David Majewski : « La non-augmentation des salaires décidée par le DRH France malgré les résultats records de ST Microelectronics. Toute l’année la direction a décalé les réunions de négociations salariales pour finalement les tenir fin octobre, après la présentation des résultats le 22 octobre par le P‑DG, Jean-Marc Chéry. Ce dernier a affirmé dans les médias que ST allait très bien, que le chiffre d’affaire allait augmenter (10 milliards, soit +4 % par rapport à l’année passée qui était déjà exceptionnelle). Alors que dans le même temps il est prévu par la direction 0 % d’augmentation des salaires… Ce sont les salarié-e‑s qui ont créé cette richesse dans l’entreprise, un record de production cette année malgré la crise sanitaire.

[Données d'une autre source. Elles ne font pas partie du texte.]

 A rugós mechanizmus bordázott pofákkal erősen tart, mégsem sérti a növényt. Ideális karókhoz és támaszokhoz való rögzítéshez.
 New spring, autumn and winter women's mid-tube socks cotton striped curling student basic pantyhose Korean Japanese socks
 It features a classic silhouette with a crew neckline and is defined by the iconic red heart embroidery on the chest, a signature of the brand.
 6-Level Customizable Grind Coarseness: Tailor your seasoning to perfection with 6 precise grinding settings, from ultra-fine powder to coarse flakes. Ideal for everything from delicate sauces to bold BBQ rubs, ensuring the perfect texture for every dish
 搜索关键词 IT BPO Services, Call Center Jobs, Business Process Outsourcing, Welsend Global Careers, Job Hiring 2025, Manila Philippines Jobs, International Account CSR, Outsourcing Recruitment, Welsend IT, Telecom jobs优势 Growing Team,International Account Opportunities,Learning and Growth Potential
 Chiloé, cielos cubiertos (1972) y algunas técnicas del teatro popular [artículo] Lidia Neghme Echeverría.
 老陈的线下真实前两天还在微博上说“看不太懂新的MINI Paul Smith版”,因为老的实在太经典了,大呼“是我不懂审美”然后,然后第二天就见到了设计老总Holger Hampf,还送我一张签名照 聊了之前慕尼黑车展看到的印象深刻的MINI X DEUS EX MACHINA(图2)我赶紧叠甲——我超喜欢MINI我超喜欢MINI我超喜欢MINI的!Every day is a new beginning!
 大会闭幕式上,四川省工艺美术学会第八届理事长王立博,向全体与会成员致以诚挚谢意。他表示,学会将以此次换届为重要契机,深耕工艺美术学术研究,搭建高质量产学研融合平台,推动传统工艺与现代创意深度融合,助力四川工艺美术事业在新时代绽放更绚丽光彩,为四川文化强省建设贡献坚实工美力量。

La colère a éclaté tout de suite. La CGT a commencé par organiser des assemblées générales et faire des tours dans les ateliers de production (malgré les vacances scolaires). On a constaté que la CFDT faisait des tours de salles, le CAD était dans le mouvement aussi. On a compris qu’il valait mieux s’organiser en intersyndicale. Seule la CFE-CGC, un syndicat représentatif, n’a pas voulu répondre à l’appel de l’intersyndicale considérant que la grève n’était pas la solution.
L’intersyndicale a entamé le mouvement de grève le jeudi 5 novembre. C’est la plus grosse mobilisation depuis 2012. »

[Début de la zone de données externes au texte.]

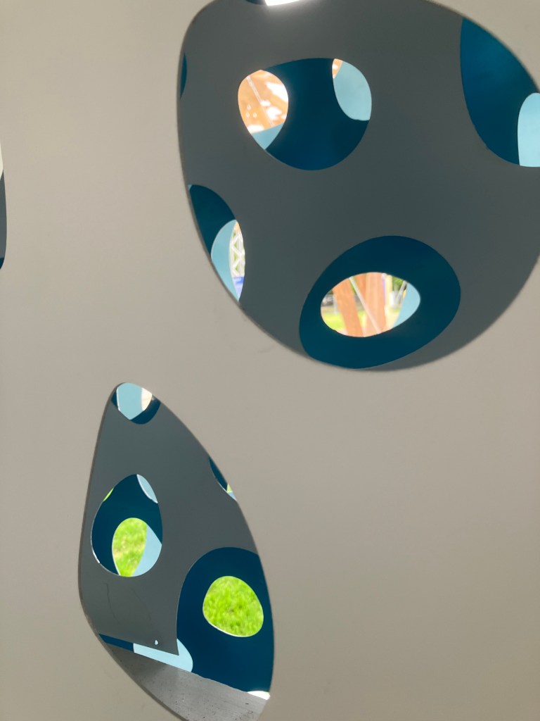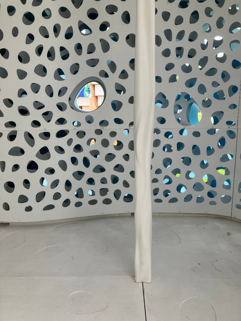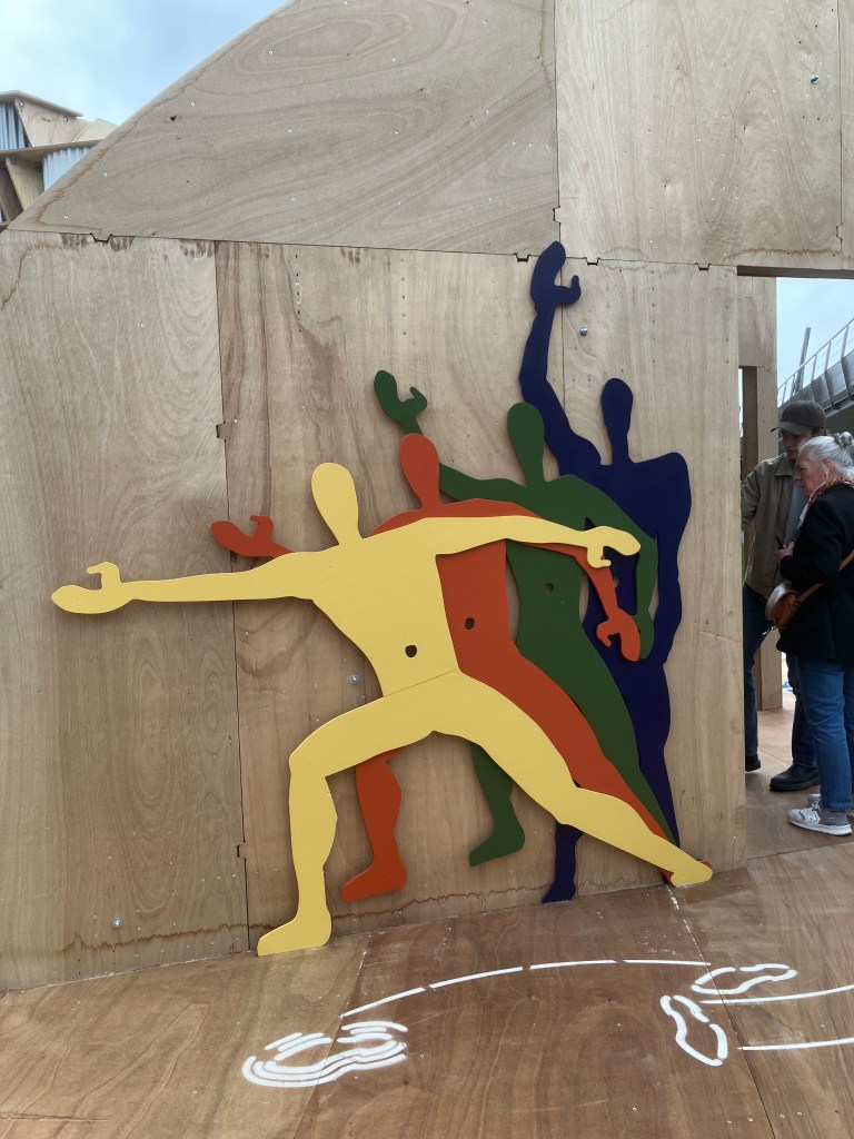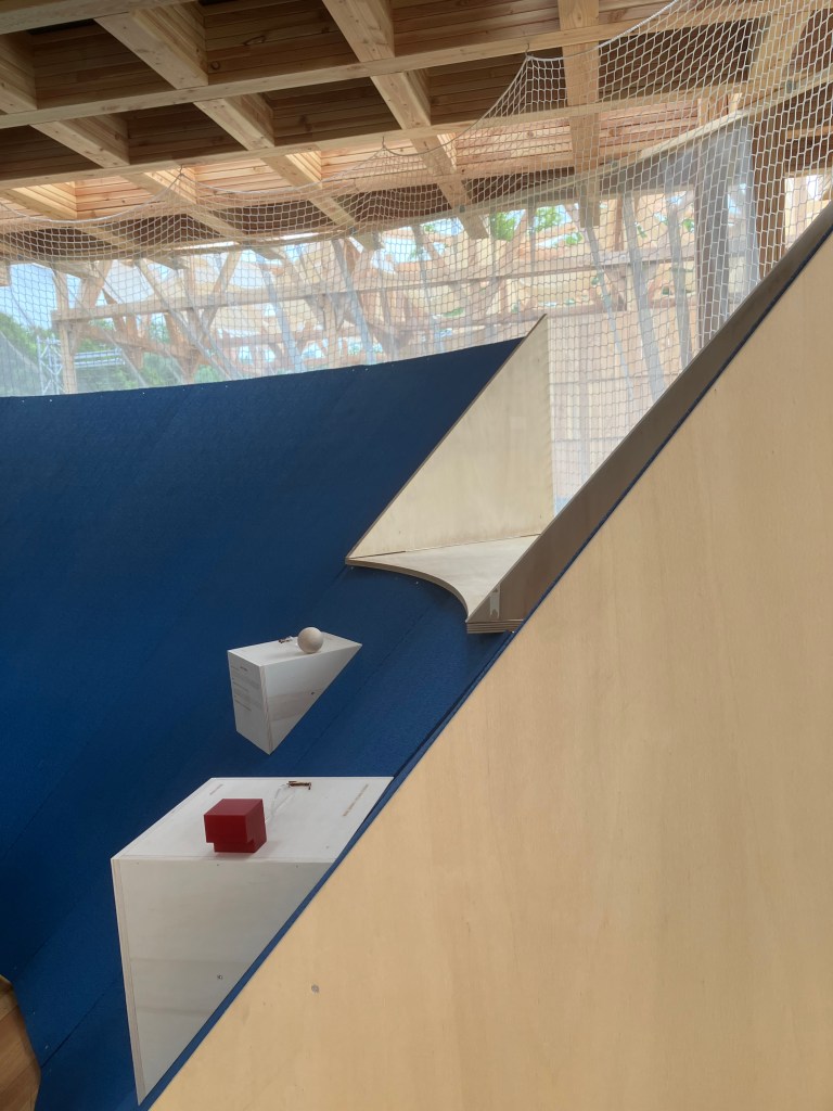 Plein de formes , beaucoup de cercles , mais aussi des jeux de triangles , de cubes , des évocations de bateaux , de l’eau , de raquettes , un mur d’escalade .

- Qui est est grève sur le site de Crolles ?
D.M. : « Principalement les équipes de productions avec des opérateurs et des techniciens qui représentent le gros du mouvement. Mais il y a aussi quelques ingénieurs qui sont aussi en grève. »
- Quels sont les sites en grève ?
D.M. : « Le premier a été Grenoble. Dès l’annonce du 0 %, des opérateurs et techniciens postées dans les équipes de productions ont enchaîné des demi-postes de grève voire des postes entiers de grève. Cela se passe aussi à peu près comme ça à Crolles où on enchaîne les équipes en grève.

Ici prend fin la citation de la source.